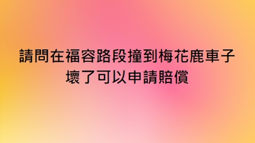 有民眾在臉書社團「恆春半島公共事務討論社團」裡發問,「請問在福容路段,撞到梅花鹿,車子壞了可以申請賠償嗎?」民眾表示,當時天色已晚,光線不佳,來到轉彎處,才發現梅花鹿在馬路上,因此發生車禍,車子左邊有明顯刮痕,當時車上三人都嚇壞,由於是計程車,擔心會影響到過年,沒辦法賺錢。
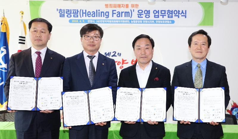 안양시(시장 이필운)는 9일 시청 접견실에서 안양지역범죄피해자 센터, 농협중앙회 안양시지부, 안양보호관찰소와 업무협약을 체결하고 범죄피해자를 위한 힐링팜(Healing Farm) 운영에 힘을 모으기로 했다.
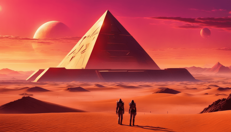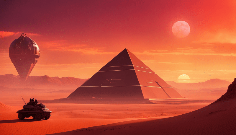 The Prompt: The Mondoshawan, from the movie 5th Element. They can be seen moving away from their alien space ship towards a pyramid. The landscape is sandy, and the sun is hanging low red in the sky. In 300 years, when evil returns, so shall we.
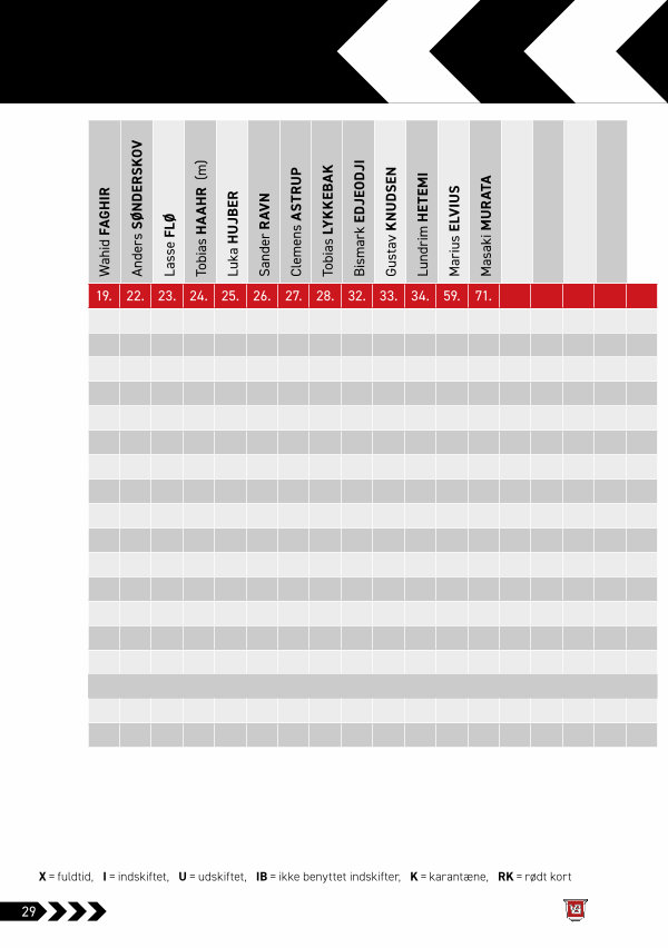 X = fuldtid, I = indskiftet, U = udskiftet, IB = ikke benyttet indskifter, K = karantæne, RK = rødt kort
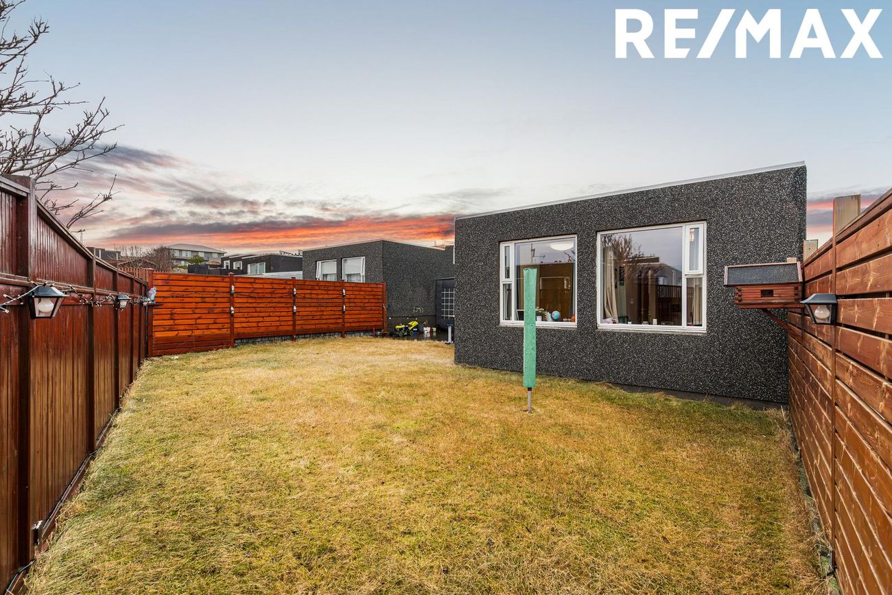 Baklóðin er afgirt, grasilögð, komnar lagnir fyrir heitan pott, fín grill og sólbaðs verönd yfirbyggð og aflokuð að hluta með pergola.
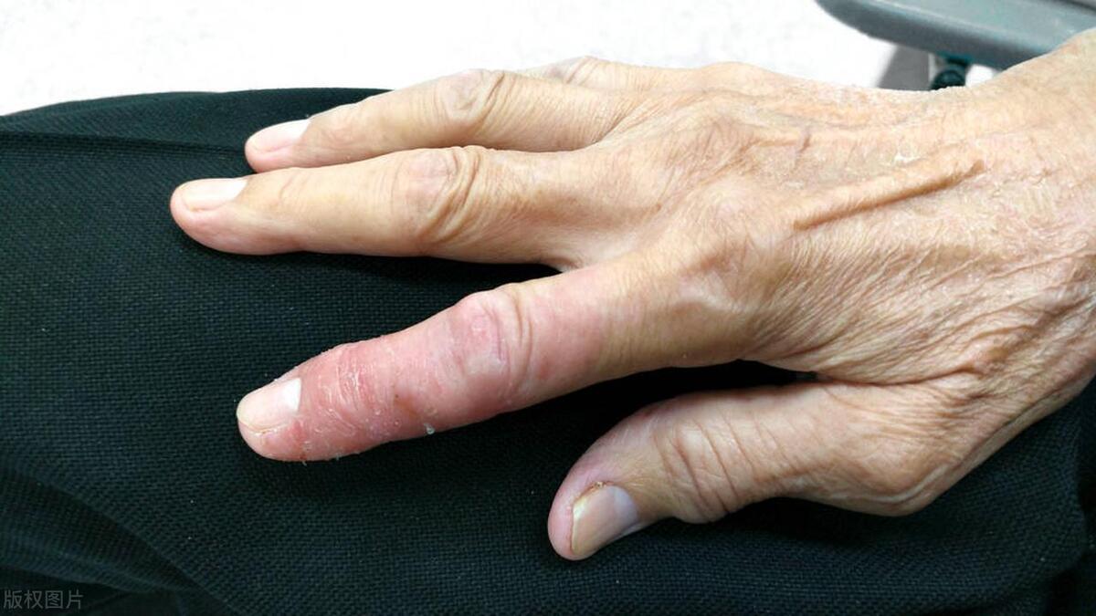 4、圖C:只有指節中間一部分軟組織腫大,這是鼓槌形杵狀指。
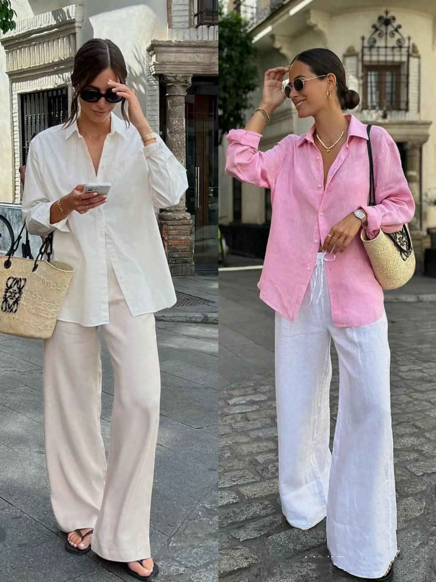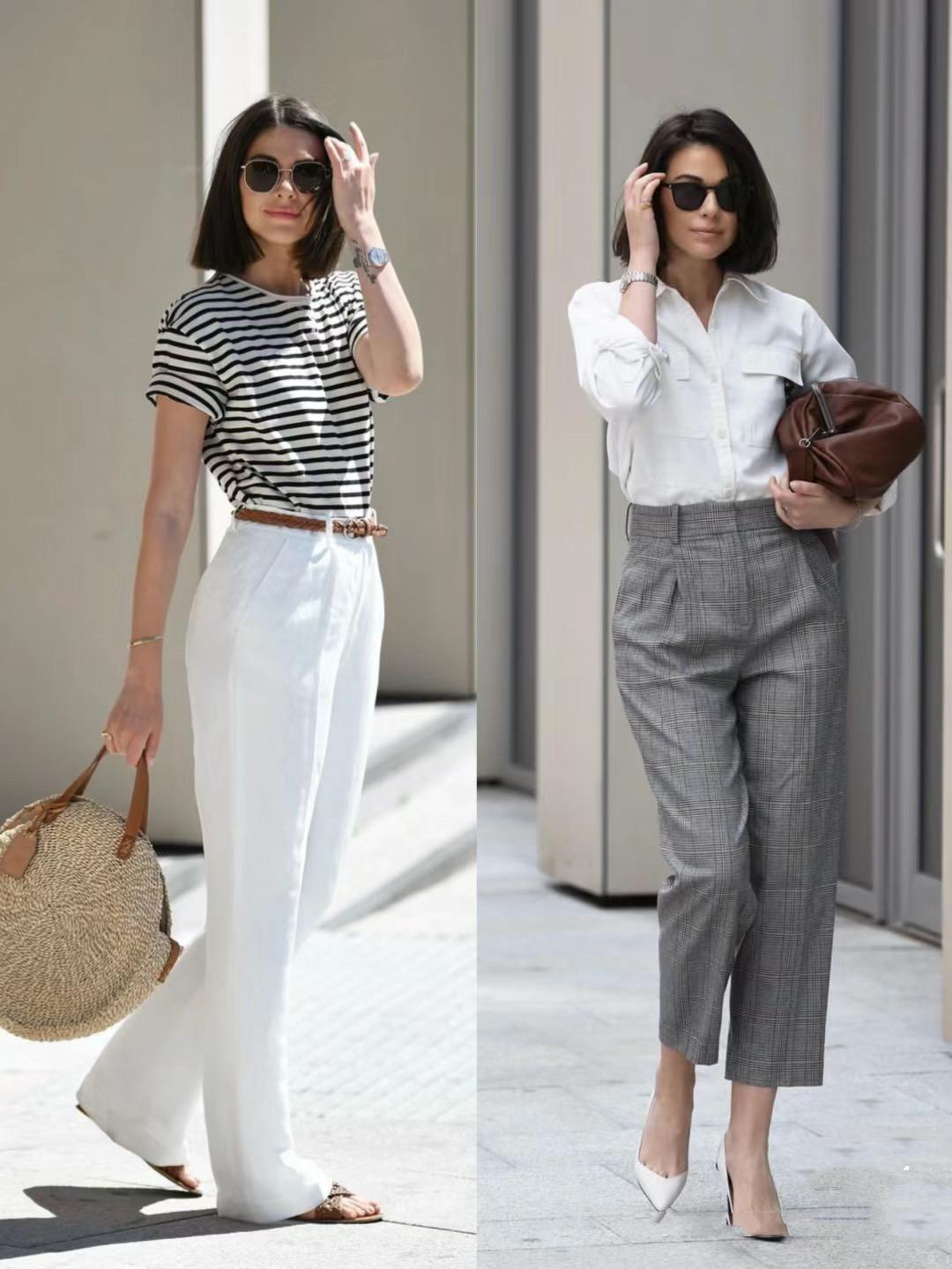 寬鬆的白襯衫,搭配V領的剪裁,剛好露出鎖骨線條、更加的精緻考究。黑色西裝闊腿褲儘量搭配輕薄面料,夏天穿起來大氣又不悶熱,西裝闊腿褲業很容易搭配。
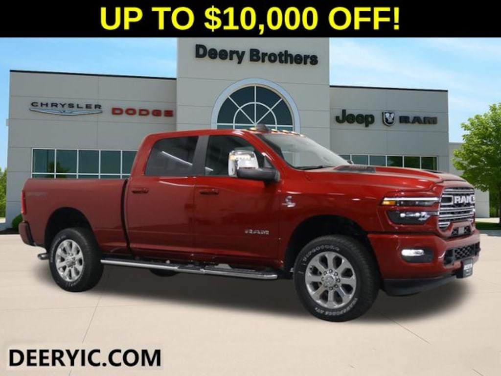 Cold Weather Group (Engine Block Heater and MOPAR Winter Front Grille Cover), Laramie Level 1 Plus Equipment Group (#1 Seat Foam Cushion, 115V Auxiliary Rear Power Outlet, 2 Way Rear Headrest Seat, 2nd Row in Floor Storage Bins, 4 Way Front Headrests, Active Lane Management System, Adaptive Steering System, Anti-Spin Differential Rear Axle, Auto Adjust in Reverse Exterior Mirrors, Auto Dim Exterior Mirror, Auto High Beam Headlamp Control, Auto Power-Folding Mirrors, Auto-Dimming Exterior Passenger Mirror, Bucket Seats, Center Stop Lamp with Cargo View Camera, Chrome Exterior Mirrors, Drowsy Driver Detection, Dual Wireless Charging Pad, Exterior Mirrors Courtesy Lamps, Exterior Mirrors with Heating Element, Exterior Mirrors with Memory, Exterior Mirrors with Supplemental Signals, Foam Bottle Insert (door Trim Panel), Folding Flat Load Floor Storage, Forward and Reverse Utility Lights, Front Seat Back Map Pockets, Full Length Upgraded Floor Console, Heated Front & Rear Seats, Heated Steering Wheel, High Back Seats, Leather Trimmed Bucket Seats, LED Bed Lighting, Mirror Running Lights, MOPAR Deployable Bed Step, MOPAR Spray in Bedliner, Power 2-Way Driver Lumbar Adjust, Power 2-Way Passenger Lumbar Adjust, Power Adjust 8-Way Driver Seat, Power Adjust 8-Way Front Passenger Seat, Power Adjust Mirrors, Power Adjustable Pedals with Memory, Power Heated Fold Telescopic Mirrors with Memory, Power Telescoping Mirrors, Power-Adjustable Convex Aux Mirrors, Radio/Driver Seat/Mirrors/Pedals Memory, Rain Sensitive Windshield Wipers, Rear 60/40 Folding Seat, Remote Tailgate Release, Traffic Sign Recognition, and Ventilated Front Seats), Quick Order Package 24H Laramie, Sport Appearance Package (20" x 8.0" Polished Aluminum Wheels, Body Color Grille-Surround, Center Hub, Sport Decal, and Sport Performance Hood), 10 Speakers, 4-Wheel Disc Brakes, 4G LTE Wi-Fi Hot Spot, 5th Wheel/Gooseneck Towing Prep Group, ABS brakes, Air Conditioning, Alexa Built-in, Alloy wheels, AM/FM radio: SiriusXM with 360L, Apple CarPlay, Apple CarPlay/Android Auto, Auto-dimming Rear-View mirror, Automatic temperature control, Black Wheel Center Hub, Brake assist, Bumpers: body-color, Chrome Flat Wheel-to-Wheel Side Steps, Clearance Lamps, Compass, Connected Travel and Traffic Services, Connectivity - US/Canada, Dash Pass Thru Wire Circuits, Delay-off headlights, Disassociated Touchscreen Display, Driver door bin, Driver vanity mirror, Dual front impact airbags, Dual front side impact airbags, Electronic Stability Control, Emergency Vehicle Alert System (EVAS), For Details, Visit DriveUconnect.com, For More Info, Call 800-643-2112, Front anti-roll bar, Front Center Armrest w/Storage, Front dual zone A/C, Front fog lights, Front License Plate Bracket, Front reading lights, Fully automatic headlights, Garage door transmitter, Global Telematics Box Module, Google Android Auto, GPS Antenna Input, GPS Navigation, HD Radio, Heated front seats, Heated power door mirrors, Heated steering wheel, Illuminated entry, Instrument Panel Mounted Auxiliary Switches, Integrated Voice Command with Bluetooth, Leather Trim 40/20/40 Bench Seat, Low tire pressure warning, Manufacturer's Statement of Origin, MyFlexCare Service Diesel, Navigation System, Occupant sensing airbag, Off-Road Info Pages, Outside temperature display, Overhead airbag, Overhead console, Panic alarm, ParkView Rear Back-Up Camera, Passenger door bin, Passenger vanity mirror, Power door mirrors, Power driver seat, Power passenger seat, Power steering, Power windows, Radio data system, Radio: Uconnect 5 Navigation with 12.0" Display, Rear anti-roll bar, Rear reading lights, Rear seat center armrest, Rear step bumper, Rear window defroster, Remote keyless entry, Security system, Selectable Price does not include Taxes, Tags, License, & Fees. Not all customers qualify for all rebates.$1000 - 2026 National Bonus Cash . Exp. 04/30/2026 $1,000 Deery Trade In Bonus Cash. Must have a qualified trade in. See Dealer for details.

----------

■ TASK DIRECTIONS: Please, without any of the pictures, set down exactly the lines from the beginning of the listing to the line that contains "寬鬆的白襯衫,搭配V領的剪裁", inclusive.

■ TASK ANSWER:
 有民眾在臉書社團「恆春半島公共事務討論社團」裡發問,「請問在福容路段,撞到梅花鹿,車子壞了可以申請賠償嗎?」民眾表示,當時天色已晚,光線不佳,來到轉彎處,才發現梅花鹿在馬路上,因此發生車禍,車子左邊有明顯刮痕,當時車上三人都嚇壞,由於是計程車,擔心會影響到過年,沒辦法賺錢。
 안양시(시장 이필운)는 9일 시청 접견실에서 안양지역범죄피해자 센터, 농협중앙회 안양시지부, 안양보호관찰소와 업무협약을 체결하고 범죄피해자를 위한 힐링팜(Healing Farm) 운영에 힘을 모으기로 했다.
 The Prompt: The Mondoshawan, from the movie 5th Element. They can be seen moving away from their alien space ship towards a pyramid. The landscape is sandy, and the sun is hanging low red in the sky. In 300 years, when evil returns, so shall we.
 X = fuldtid, I = indskiftet, U = udskiftet, IB = ikke benyttet indskifter, K = karantæne, RK = rødt kort
 Baklóðin er afgirt, grasilögð, komnar lagnir fyrir heitan pott, fín grill og sólbaðs verönd yfirbyggð og aflokuð að hluta með pergola.
 4、圖C:只有指節中間一部分軟組織腫大,這是鼓槌形杵狀指。
 寬鬆的白襯衫,搭配V領的剪裁,剛好露出鎖骨線條、更加的精緻考究。黑色西裝闊腿褲儘量搭配輕薄面料,夏天穿起來大氣又不悶熱,西裝闊腿褲業很容易搭配。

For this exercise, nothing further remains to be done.